I can’t remember when I first heard of, and started reading, Fuchsia Dunlop, the great scholar, eater and creator of Chinese food. In some ways it seems like she’s always been there.
Illustration by Anna Higgie |
But I do know she was in the anthology The Wurst of Lucky Peach, a celebration of the sausage, in which she writes about opka hesip — sausage and stuffed lung — a favorite of the Uyghur people apparently.
Fucshia Dunlop wrote in that anthology “Cooked, the sausages are pleasantly piquant, the lung a strange hybrid of savory custard and offal that appeals, surprisingly, to those who like English puddings.” Now as then, I have to take her word for that. Apparently opka hesip looks like this:
Anyway I was in Hatchards bookshop last week and I bought a copy of Fuchsia Dunlop’s Invitation to A Banquet – The Story of Chinese Food.
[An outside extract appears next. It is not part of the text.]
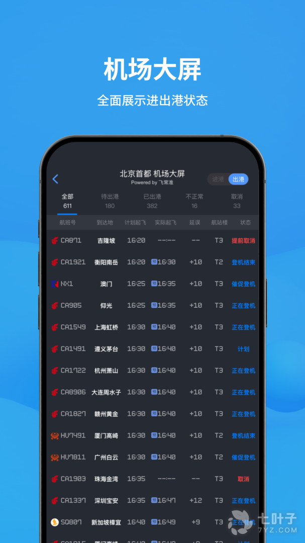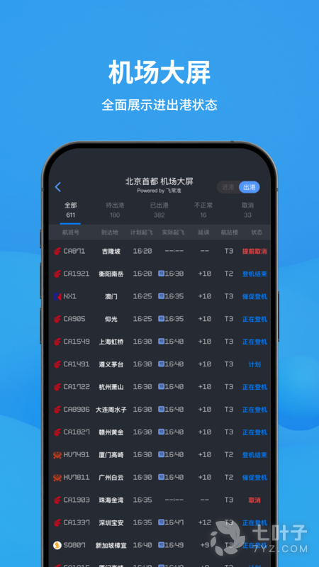 2、飞常准高效实用且操作十分简便可以帮助用户实时了解到机场天气实况、天气预警、天气预报、关闭开放等特情通报

And it’s signed!!
It’s a deeply serious and erudite history of Chinese eating culture, with chapters on rice, knife scraped noodle, shunde and cultural appropriation, among many other topics. But that doesn’t mean it’s not fun.
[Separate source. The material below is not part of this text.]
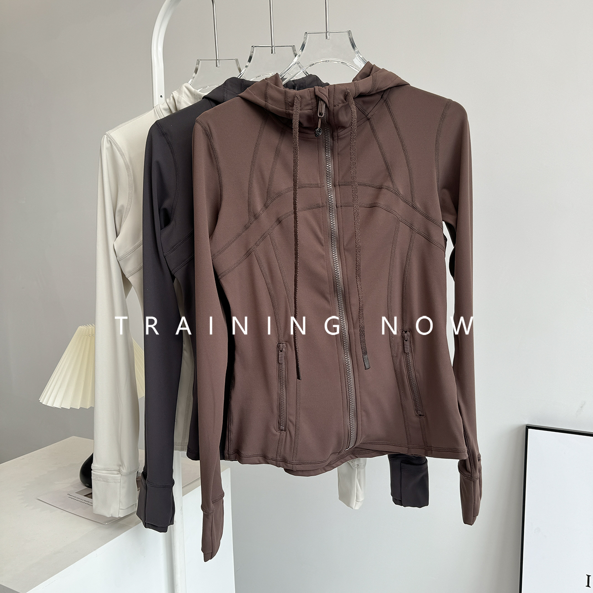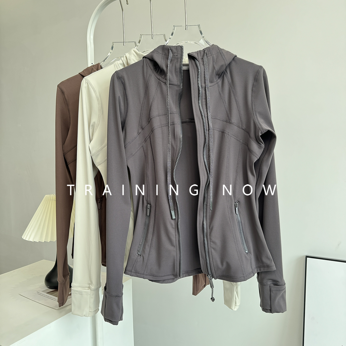 运动外套女显瘦立领连帽修身健身夹克长袖晨跑步瑜伽服上衣秋冬
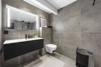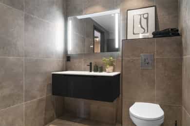 • Svært delikat baderom med varmekabler og romslig dusj

It may be a measure of my own shallow-mindedness that the chapter I’ve liked best so far is titled ‘The Lure of the Exotic.’
Now we all now that in these days of saving the planet there are all kinds of things we’re not supposed to eat, including Chinese delicacies such as bear paw and shark skin soup, and Fuchsia Dunlop is a great cheerleader for sustainability, but back in the day she was obviously an enthusiast for eating the unusual if not the downright forbidden.
Mea culpa: I did once eat bear, which was terrific, cooked (and I assume killed) by Steve Rinella. And it is in fact legal to hunt and eat bear in much of the United States. I’m rather more upset that once, at a Chinese wedding, I did have shark fin soup – I only knew what it was afterwards – and I don’t think it was worth killing a shark for.
Nevertheless, I do still get a frisson when I read Fuchsia Dunlop’s tales of the eating of leopard foetus which might on occasion be imitation leopard’s foetus, or the ovarian fat of the snow frog which can look like this:
And then there's the Moose face. Fuchsia Dunlop has a friend who gave her a dish called ‘red braised qilin face’ (hongshao qilin mian). The qilin is a mythical creature, somewhere between a unicorn and a musk deer, and is sometimes depicted like this:
But the one she ate was made with the face of an elk. “And there it was, an actual elk’s face, or rather its large nose, bizarre and amazing, lying in a pool of sauce on a great round platter and there I was staring into its enormous flared nostrils.’ Reader I salivated. She continues, “it was utterly delicious, neither meat nor fat for skin, springy and sticky, while also soft as butter.” I’m convinced! And she adds, “I knew I would probably never taste such a thing again.”
Anyway, I’m glad she said probably and didn’t rule it out altogether.